Directions> Scan the records for "tile". Show the matching lines.

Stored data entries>
....................

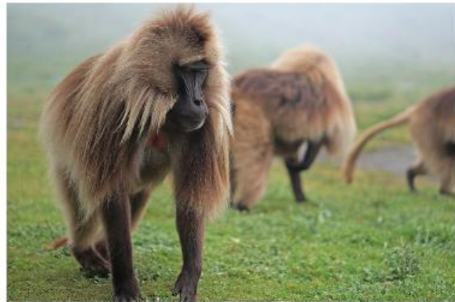
Male Gelada Baboons
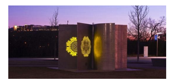
Figure 1. Located at Xavier University in New Orleans, LA, this beautiful and intricate solar powered sculpture lies at the middle of campus. Its combination of industrial materials with delicate nature-inspired laser carvings shows a unique perspective on a link between technology and the natural world. The intention of the design was to replicate a seedpod coming out of a dormant state to form new life.
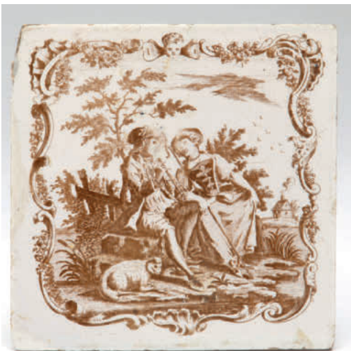
71. A Liverpool Delft tile, printed in sepia with A Shepherd Piping to a Shepherdess, within an angel mask and 'C' scroll border, 5" square, circa 1760

This tile is sometimes found signed J Sadler, Liverpool
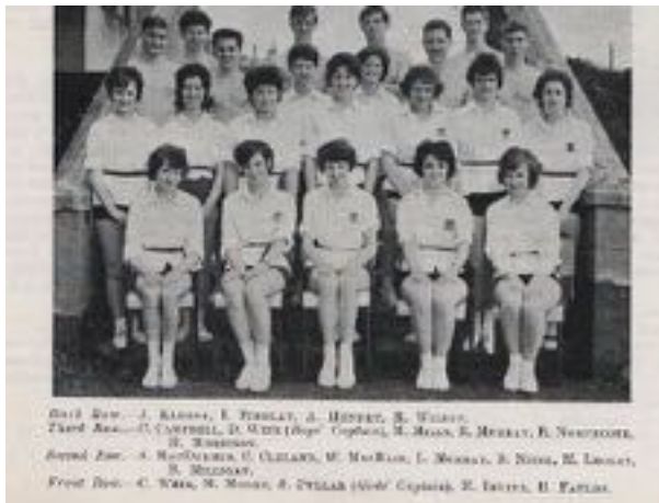
1963 Gym team

....................

The completed task>
71. A Liverpool Delft tile, printed in sepia with A Shepherd Piping to a Shepherdess, within an angel mask and 'C' scroll border, 5" square, circa 1760
This tile is sometimes found signed J Sadler, Liverpool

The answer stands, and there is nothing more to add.